Two masters sharing workers, one of the masters is read-only¶
The topology is an extension of the single master with multiple workers. It adds a secondary read-only master, which eliminates the need for the use of a cloud infrastructure with an automatic new instance provisioning or low service availability. In this topology, the masters will exchange their transaction log before writing any data to the worker nodes. We highly recommend the use of ClientAPIs or smart proxy to ensure automatic failover for the writes.
Pros:
In case of primary master failure, the other master serves the read queries. It is also possible to manually switch the second master as primary;
Requires fewer database instances than two masters with dedicated workers;
Rolling upgrade is possible with no downtime for both reads and writes.
Cons:
No automatic leader promotion for writes - there is a manual procedure;
No remote data center for disaster recovery purposes.
See Setting up a cluster two masters with shared workers one is read-only.
Multiple masters with dedicated workers¶
Multiple masters with dedicated workers is an optimized topology for data centers located in different regions, which may experience network delays and temporary package drops. A single master is primary and all other masters are muted. The primary master is the only node to accept writes, and it synchronizes the transaction log with the other masters asynchronously. The asynchronous transaction log replication optimizes the write speed by eliminating all delays caused by network latency. During normal operation, all remote masters should lag by no more than a few latest transactions. In a case of a primary master or data center failure, one of the muted masters may take over its role after manually switching its flag from muted to normal.
Pros:
Multi-data center failover;
Low latency of the updates with asynchronous transaction log synchronizations.
Cons:
No automatic leader promotion for writes - there is a manual procedure;
High hardware costs compared to the other topologies.

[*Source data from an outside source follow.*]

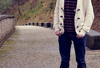 En este caso Rubén ha apostado por un outfit cómodo y sencillo para el día a dia, con una de sus chaquetas de punto preferidas este invierno (¡muy combinable por cierto!), sobre un polo a rayas de la temporada pasada y vaquero en tono oscuro. Como novia he de decir que me encanta como le sientan los tonos tierra, así que con este outfit le veo guapísimo ^^.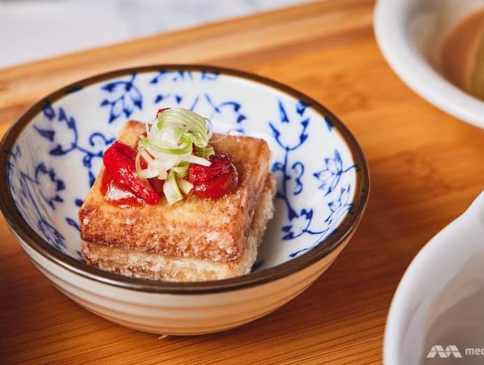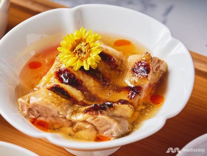 Suffice it to say that after my photographer and I tasted the tender free-range Anxin chicken thigh marinated in yellow wine, then steamed and lightly grilled, and served with a bright tomato consomme glaze as well as a sprinkle of savoury tomato oil, there followed a discussion that went on for a little too long about whether it would be worth immediately engendering children (separately, not together) for 28-day access to this chicken.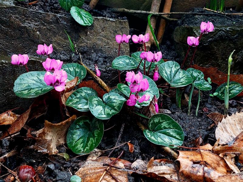 Cyclamen coum, Sämling vor Wegeinfassung.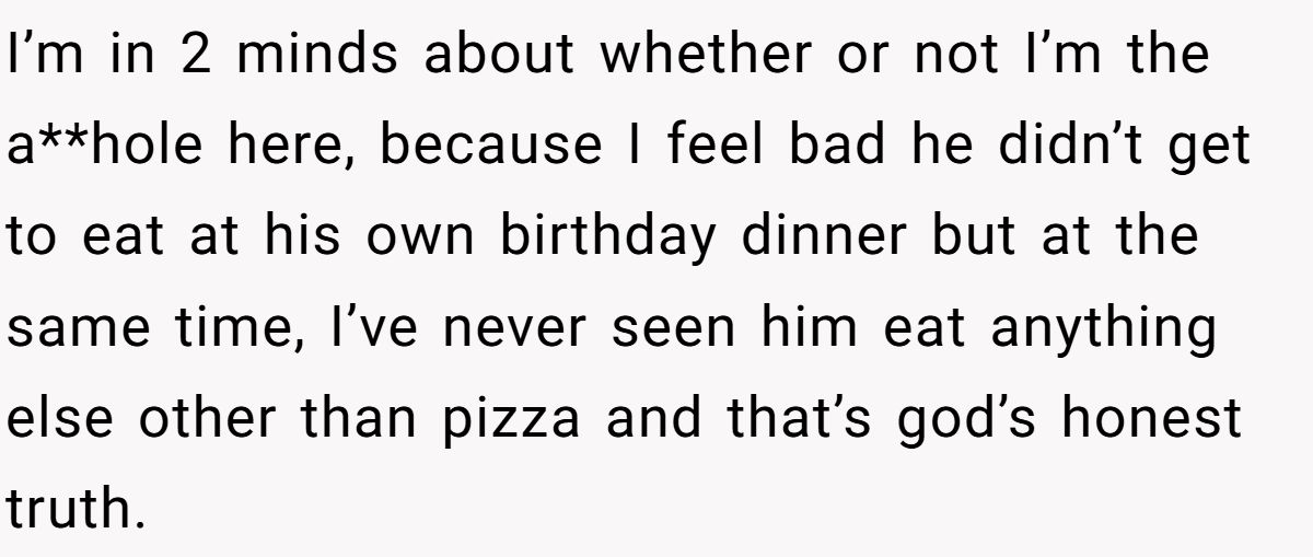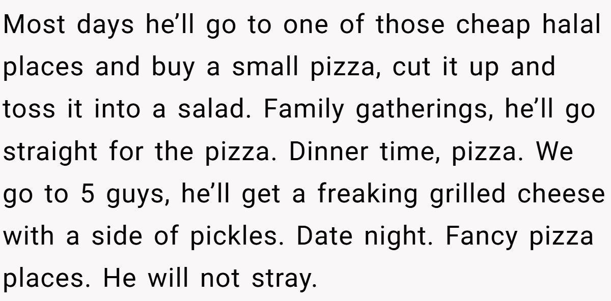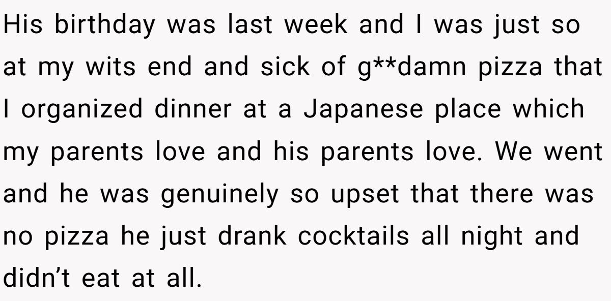 Do you think she crossed the line by hijacking his birthday dinner plans, or was it fair to finally mix things up after three years of melted cheese monotony? Would you stick around for a partner who refuses to eat anything but pizza? Sound off in the comments—we’re ready for your hot takes.

Not recommended topologies for a production system¶
The following topologies are possible, but not recommended for a production system because they cannot guarantee high availability. In the event of a node failure or restart, the cluster may reject read or write operations.
Master with a single worker¶
The setup is suitable only for testing purposes. During a backup operation, the cluster will remain in read-only state. There is no redundancy of any of the cluster nodes, which increases the chances of a failure without adding any value.
Master with two workers¶
Although two redundant workers exist, the cluster topology prevents:
Performing a backup if one of the workers dies without temporarily losing the write operations;
Recovering the cluster by joining a new worker after an existing worker dies without temporarily losing the write operations.